Attosecond Coherent Electron Motion in Auger-Meitner Decay
Siqi Li, Taran Driver, Philipp Rosenberger, Elio G. Champenois, Joseph, Duris, Andre Al-Haddad, Vitali Averbukh, Jonathan C. T. Barnard, Nora Berrah,, Christoph Bostedt, Philip H. Bucksbaum, Ryan Coffee, Louis F. DiMauro, Li, Fang, Douglas Garratt, Averell Gatton, Zhaoheng Guo

TL;DR
This paper demonstrates the use of attosecond soft x-ray pulses and infrared laser pulses to induce, control, and time-resolve coherent electron motion in core-excited nitric oxide, advancing ultrafast quantum dynamics studies.
Contribution
It introduces a novel method combining attosecond x-ray pulses and infrared lasers to control and observe coherent electron dynamics in molecules.
Findings
Controlled electron motion in nitric oxide achieved.
Tuning photon energy influences electron dynamics.
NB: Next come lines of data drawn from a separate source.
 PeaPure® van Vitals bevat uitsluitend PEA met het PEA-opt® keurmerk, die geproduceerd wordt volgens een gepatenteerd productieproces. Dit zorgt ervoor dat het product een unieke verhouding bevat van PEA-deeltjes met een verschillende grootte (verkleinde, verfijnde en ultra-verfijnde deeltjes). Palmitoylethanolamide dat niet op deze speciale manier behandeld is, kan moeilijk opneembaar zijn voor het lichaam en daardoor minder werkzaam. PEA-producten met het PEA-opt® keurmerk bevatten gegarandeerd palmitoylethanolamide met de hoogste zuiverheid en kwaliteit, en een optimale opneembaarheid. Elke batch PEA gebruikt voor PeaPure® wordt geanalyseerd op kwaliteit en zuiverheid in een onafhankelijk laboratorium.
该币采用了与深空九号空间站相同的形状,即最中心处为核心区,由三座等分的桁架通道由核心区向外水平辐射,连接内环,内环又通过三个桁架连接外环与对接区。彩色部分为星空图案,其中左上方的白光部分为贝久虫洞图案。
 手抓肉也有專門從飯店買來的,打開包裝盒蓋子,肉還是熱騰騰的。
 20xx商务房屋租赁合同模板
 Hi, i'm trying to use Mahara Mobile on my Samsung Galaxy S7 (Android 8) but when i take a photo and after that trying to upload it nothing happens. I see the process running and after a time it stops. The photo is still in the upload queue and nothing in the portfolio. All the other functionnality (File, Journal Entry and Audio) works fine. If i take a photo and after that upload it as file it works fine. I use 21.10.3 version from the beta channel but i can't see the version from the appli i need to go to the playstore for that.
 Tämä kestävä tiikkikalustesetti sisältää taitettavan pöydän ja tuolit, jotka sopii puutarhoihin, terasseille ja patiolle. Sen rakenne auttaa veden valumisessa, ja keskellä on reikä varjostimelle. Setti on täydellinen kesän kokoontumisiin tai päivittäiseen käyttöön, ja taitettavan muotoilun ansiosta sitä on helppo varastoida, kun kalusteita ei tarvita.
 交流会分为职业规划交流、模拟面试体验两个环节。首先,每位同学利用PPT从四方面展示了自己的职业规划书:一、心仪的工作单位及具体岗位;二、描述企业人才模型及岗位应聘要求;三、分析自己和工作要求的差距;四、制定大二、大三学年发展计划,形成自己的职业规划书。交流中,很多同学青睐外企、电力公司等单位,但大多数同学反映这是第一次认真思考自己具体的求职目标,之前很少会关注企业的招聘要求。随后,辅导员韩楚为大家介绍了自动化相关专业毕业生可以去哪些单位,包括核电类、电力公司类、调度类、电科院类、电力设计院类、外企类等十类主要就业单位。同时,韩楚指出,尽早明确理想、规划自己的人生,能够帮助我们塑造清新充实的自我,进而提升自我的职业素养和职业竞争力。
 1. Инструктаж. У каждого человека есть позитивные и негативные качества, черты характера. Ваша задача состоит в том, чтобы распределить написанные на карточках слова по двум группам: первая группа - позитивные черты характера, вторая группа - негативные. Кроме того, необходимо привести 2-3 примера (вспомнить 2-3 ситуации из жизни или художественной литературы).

First demonstration of attosecond x-ray pulse application in core-hole excitation.
Abstract
In quantum systems, coherent superpositions of electronic states evolve on ultrafast timescales (few femtosecond to attosecond, 1 as = 0.001 fs = 10^{-18} s), leading to a time dependent charge density. Here we exploit the first attosecond soft x-ray pulses produced by an x-ray free-electron laser to induce a coherent core-hole excitation in nitric oxide. Using an additional circularly polarized infrared laser pulse we create a clock to time-resolve the electron dynamics, and demonstrate control of the coherent electron motion by tuning the photon energy of the x-ray pulse. Core-excited states offer a fundamental test bed for studying coherent electron dynamics in highly excited and strongly correlated matter.